• TASK INPUT:
=== Begin Enclosure ===
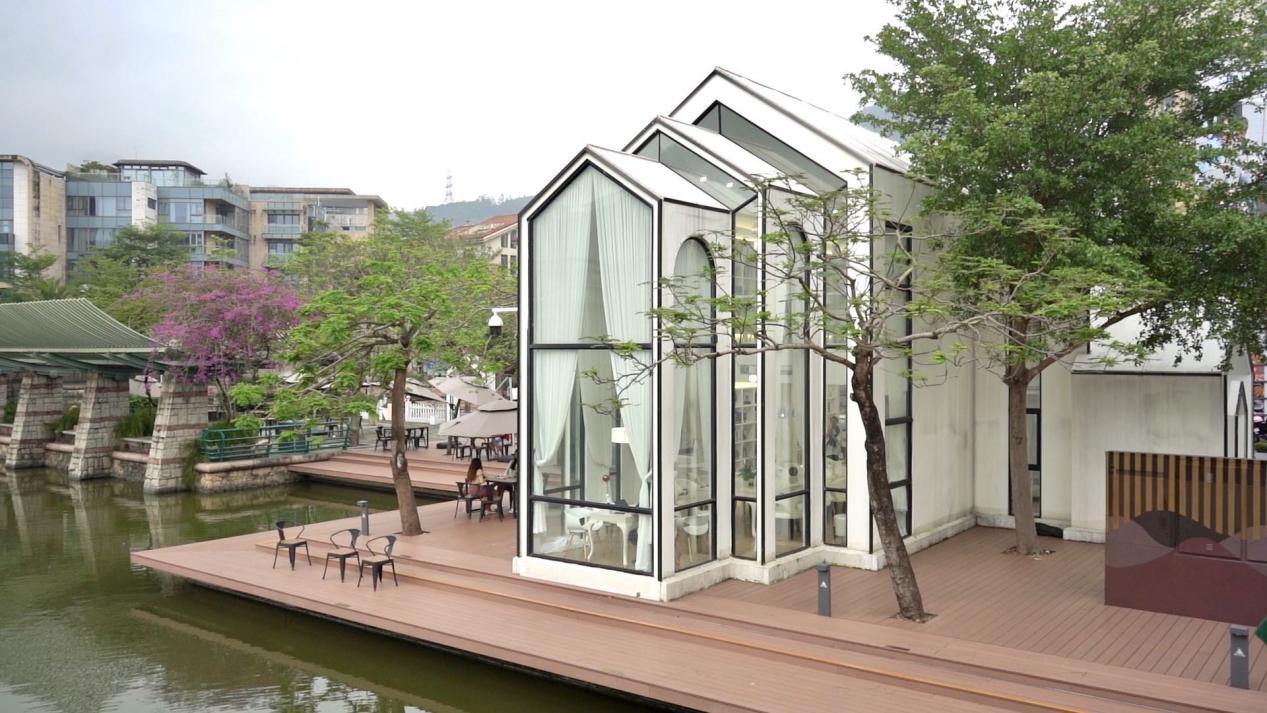 除了可以买买买,大梅沙8号仓还是一个隐藏的宝藏打卡地,仿欧式建筑与海边的蓝天白云相得益彰,而巨大的中心湖以及在湖中悠闲游弋的黑天鹅,给整个8号仓小镇带来了几分悠闲的惬意。湖边还坐落着一栋米白色的公共图书馆,大面积的落地玻璃窗与三角穹顶使得它在湖边十分醒目,吸引了不少游客在此打卡留念。假日来到这里,一杯咖啡、一本读物配上如此美景,便可让你度过一段怡然悠闲的时光。
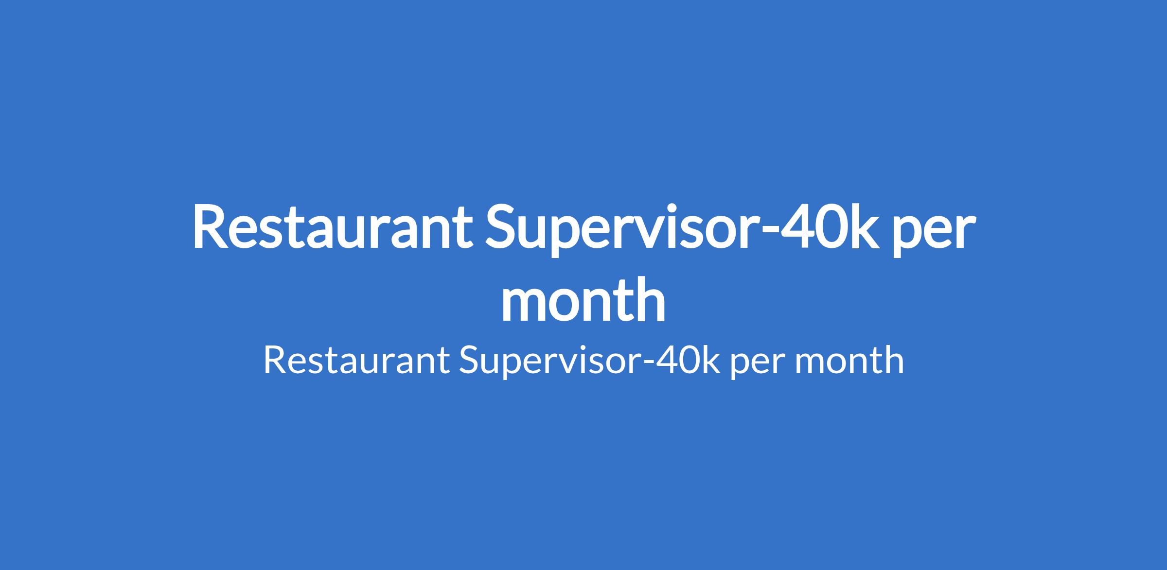 Restaurant Supervisor-40k per month
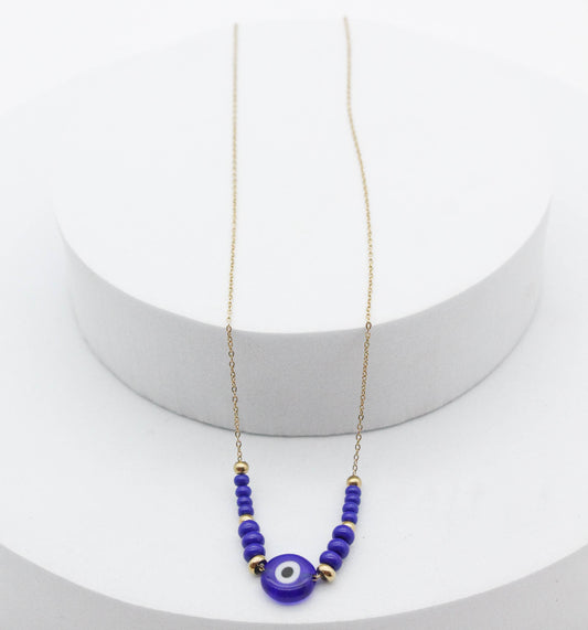 COLLAR OJO TURCO AZUL REY 10MM, 3 CHAQUIRAS MEDIANAS, 3 CHICAS 40CM DE LARGO EXTENSION DE 5CM
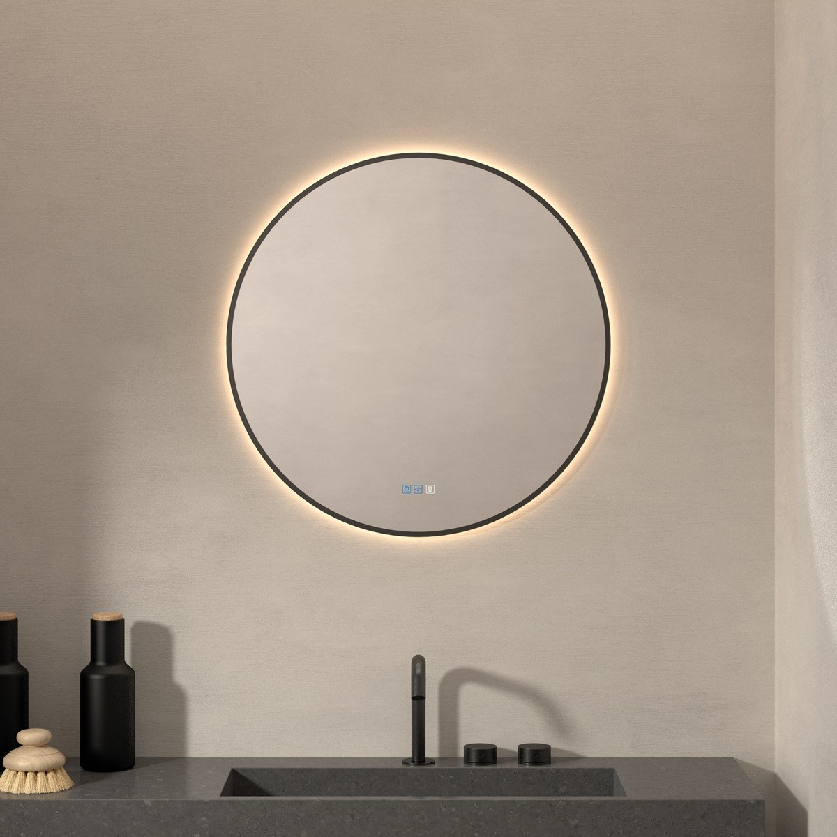 Este espejo redondo retroiluminado con contorno negro para baño destaca por su diseño moderno y funcional. La iluminación LED trasera cálida crea un efecto de halo elegante que realza la atmósfera del baño, mientras que el marco negro pintado aporta contraste y carácter, ideal para interiores minimalistas o industriales. Con sistema antivaho y controles táctiles, este espejo LED con marco negro combina tecnología y estilo en una pieza imprescindible para baños contemporáneos.
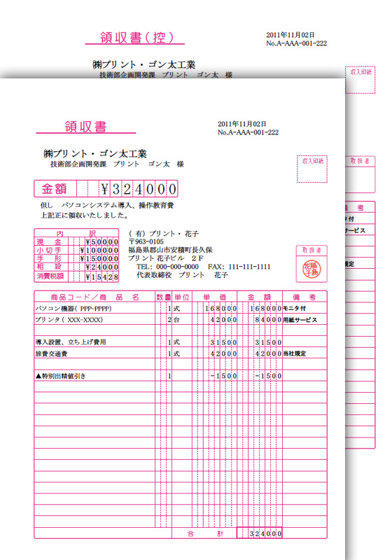 金額の印字をマス目にキッチリ入れ込んだオーソドックスながら少し変わった フォーマットです。
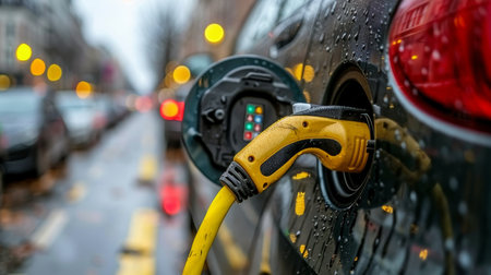 Electric car being charged on a rainy day, close-up of the power connector and charging port.
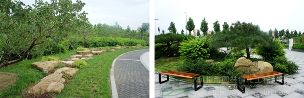 此外,工程中還用到了很多的景觀(guān)石,據(jù)高經(jīng)理介紹,這些產(chǎn)自山東的龜紋石,質(zhì)地堅(jiān)硬,表面紋路獨(dú)特,主要用于上、下層苗木之間的過(guò)渡,相鄰景觀(guān)節(jié)點(diǎn)的分隔處,以及草坪中的點(diǎn)綴等。這些看似隨意但卻自然、和諧的景石擺放,讓生活在都市里的人們感受到了山之秀美、林之繁茂,就像一首無(wú)言的詩(shī),一幅立體的畫(huà),和著自然的旋律“輕歌曼舞”。
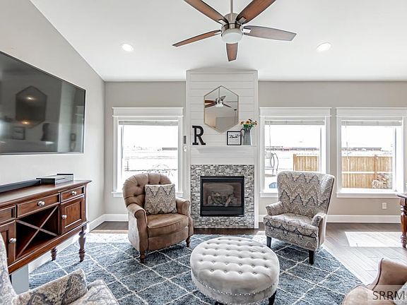 Experience comfortable living in this exquisite home located on a tranquil cul-de-sac in Rigby. Situated on a generous 0.7-acre lot, this home features a modern interior with an open concept living space, vaulted ceilings, stunning hardwood floors, a cozy gas fireplace, and plenty of natural light. The dining room and kitchen offer captivating features such as white staggered cabinetry, subway tiled backsplash, granite countertops, stainless-steel appliances, a farmhouse sink, and a convenient walk-in pantry. The main floor includes a remarkable Primary Suite with a shiplap accent wall, tray ceiling, and ensuite bath featuring a granite double vanity, tiled double head walk-in shower, corner tub, and walk-in closet. Additional main floor features include a laundry room, 2 bedrooms, and a beautifully appointed full tiled bath with granite vanity. The fully finished basement offers a multitude of amenities, including a large theater room, 3 additional bedrooms, full tiled bath with granite, and a versatile flex room. Outdoor entertainment options abound with a spacious yard, private patio, fire pit, and room for a hot tub. With a 3-car attached garage, this residence combines practicality and style plus the INL Bus Stop is just down the street. Come see it TODAY!
=== End Enclosure ===
• EXERCISE REQUIREMENTS: To complete this exercise, transcribe exactly the lines above from the one that holds "COLLAR OJO TURCO" through the one that holds "此外,工程中還用到了很多的景". Pictures stay out.

• ANSWER FOR THIS EXERCISE:
 COLLAR OJO TURCO AZUL REY 10MM, 3 CHAQUIRAS MEDIANAS, 3 CHICAS 40CM DE LARGO EXTENSION DE 5CM
 Este espejo redondo retroiluminado con contorno negro para baño destaca por su diseño moderno y funcional. La iluminación LED trasera cálida crea un efecto de halo elegante que realza la atmósfera del baño, mientras que el marco negro pintado aporta contraste y carácter, ideal para interiores minimalistas o industriales. Con sistema antivaho y controles táctiles, este espejo LED con marco negro combina tecnología y estilo en una pieza imprescindible para baños contemporáneos.
 金額の印字をマス目にキッチリ入れ込んだオーソドックスながら少し変わった フォーマットです。
 Electric car being charged on a rainy day, close-up of the power connector and charging port.
 此外,工程中還用到了很多的景觀(guān)石,據(jù)高經(jīng)理介紹,這些產(chǎn)自山東的龜紋石,質(zhì)地堅(jiān)硬,表面紋路獨(dú)特,主要用于上、下層苗木之間的過(guò)渡,相鄰景觀(guān)節(jié)點(diǎn)的分隔處,以及草坪中的點(diǎn)綴等。這些看似隨意但卻自然、和諧的景石擺放,讓生活在都市里的人們感受到了山之秀美、林之繁茂,就像一首無(wú)言的詩(shī),一幅立體的畫(huà),和著自然的旋律“輕歌曼舞”。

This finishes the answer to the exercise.